Oliver had simply been trying to understand what Jess was about – and failing.

‘Nice view, isn’t it?’

Until Phil spoke, Oliver hadn’t realised he’d been staring at Jess quite so obviously – and that his phone had been ringing.

After that, he concentrated on talking to Phil, and not looking outside, much.

Phil also avoided looking out of the window, mostly. Although he couldn’t help making one observation. ‘That’s her ex, Jack. He owns this place. Good bloke.’

Jack didn’t seemed very ‘ex’ to Oliver, but he didn’t want to ask Phil for details and as Phil didn’t offer them he nodded
casually and pretended to himself that he didn’t feel disappointed. Not at all, not the least bit.

‘So,’ said Jess, sitting down and ignoring Oliver and Phil’s pointed lack of questions. ‘Let’s get this sorted. What exactly do you both know and how precisely did you find out?’

Oliver admitted that he really only knew there were dolls and they had something to do with Eve. Then he told them about the drunken soliciting episode. ‘Actually, I was having dinner with Kate – I’m sure you know her, she used to work in children’s books at Papyrus.’

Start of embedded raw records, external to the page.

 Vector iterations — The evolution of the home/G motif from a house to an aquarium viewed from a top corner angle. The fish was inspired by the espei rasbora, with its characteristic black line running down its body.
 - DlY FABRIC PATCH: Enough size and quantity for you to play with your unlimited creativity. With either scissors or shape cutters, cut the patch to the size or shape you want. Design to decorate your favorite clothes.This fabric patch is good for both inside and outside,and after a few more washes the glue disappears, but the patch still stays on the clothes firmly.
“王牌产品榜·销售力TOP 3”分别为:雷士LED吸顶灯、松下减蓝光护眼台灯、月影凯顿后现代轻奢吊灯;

Jess and Phil exchanged glances across the table but neither asked the obvious question.

Oliver said nothing about JJ.

Phil admitted that in addition to seeing a doll – ‘pretty cool, actually’ – he had overheard Zoë on the phone, so he also knew about the Chris photograph, which wasn’t nearly as good as Oliver’s bustier story, although he couldn’t believe that Oliver hadn’t thought quickly enough to take a picture of that. But the pics were beside the point. It was the secrecy surrounding the doll business, and then Hilary’s questions, that had convinced him something entertaining was going on. He’d actually been hoping Oliver would be able to fill him in, which was why he’d agreed to meet him. That, and the free lunch.

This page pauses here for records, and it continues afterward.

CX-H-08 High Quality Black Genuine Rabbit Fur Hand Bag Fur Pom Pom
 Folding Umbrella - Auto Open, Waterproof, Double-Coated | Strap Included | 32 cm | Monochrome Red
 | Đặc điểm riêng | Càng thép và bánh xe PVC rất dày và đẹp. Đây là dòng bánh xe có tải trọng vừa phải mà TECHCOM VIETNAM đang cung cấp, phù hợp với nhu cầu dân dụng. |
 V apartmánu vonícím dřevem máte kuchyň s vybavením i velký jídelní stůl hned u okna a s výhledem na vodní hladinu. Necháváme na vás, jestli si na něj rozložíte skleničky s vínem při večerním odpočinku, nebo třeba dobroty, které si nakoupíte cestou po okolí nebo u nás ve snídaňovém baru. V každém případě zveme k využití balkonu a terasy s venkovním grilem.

Neither of them, they promised, had mentioned the dolls to anyone else.

‘Okay, what this doesn’t explain is how Hilary knows.’

‘Zoë?’ Phil couldn’t help himself.

‘No, she’s straight. Besides, Zoë knows all about Hilary, so she wouldn’t go near her,’ said Jess.

‘That wasn’t quite what I meant,’ said Phil.

‘Oh, right. Well Zoë promises that she hasn’t told anyone else.’

Oliver interrupted. ‘I’m sorry if I’m sounding stupid here, but I don’t understand what the problem is with people finding out about these dolls. It’s not like you were going to keep them secret indefinitely, surely? What’s the big deal with people knowing now? And, just so we’re clear here, what are they exactly?’

Jess studied the man who’d been harassing her, who’d slept with her best friend and whose job meant he was not someone to be trusted. If he hadn’t been wearing glasses she’d have said he was wearing coloured lenses – eyes as green as that just weren’t natural. ‘It’s pretty simple really. I created them and sent them to colleagues – colleagues who’d left after being treated badly. Just a bit of therapy for them, and for me.’

Phil, who had an advantage over Oliver in having seen a doll, stated the obvious, and the obvious included the ‘v’ word.

‘I wouldn’t use that word, no.’ Jess played with a deep red glass ring on her finger.

‘Okay, so far so weird. Do you have any of them left?’ Just as Oliver was beginning to think his persistence was paying off, he realised there was a possibility that Jess no longer had any of the dolls.

‘I made copies of each one; I kept the original and sent out a replica.’

‘So, where are the originals then?’ he asked.

Oliver’s line of enquiry was interrupted by the arrival of their meals.

‘This is fucking awesome,’ said Phil, biting into a scallop. ‘Who’d be a vegetarian? Jesus, imagine it. No steak, no chicken, no fish. Or what about a vegan? Now that is weird. I mean, nut loaf? That’s not a reason to get out of bed.’

‘But I still can’t work out how Hilary found out.’

‘Do you think someone who was sent one showed her? Or told her about it?’ asked Phil, his attention still on his plate.

‘Nah, everyone is too scared of her.’

The waiter topped up Jess’s glass of sauvignon blanc.

‘Which
might
be a reason for telling her,’ said Phil, as though making a crucial connection in a detective novel. ‘Anyway, why are you really doing this, Jess? You know you’ll get sacked if they find out.’ As he said it, it occurred to Phil that there could be another reason Jess hadn’t told anyone about Alex not writing his book; that she might have intended to leave it until it was too late to replace it. That she might have been trying to sabotage the company. Anything was possible.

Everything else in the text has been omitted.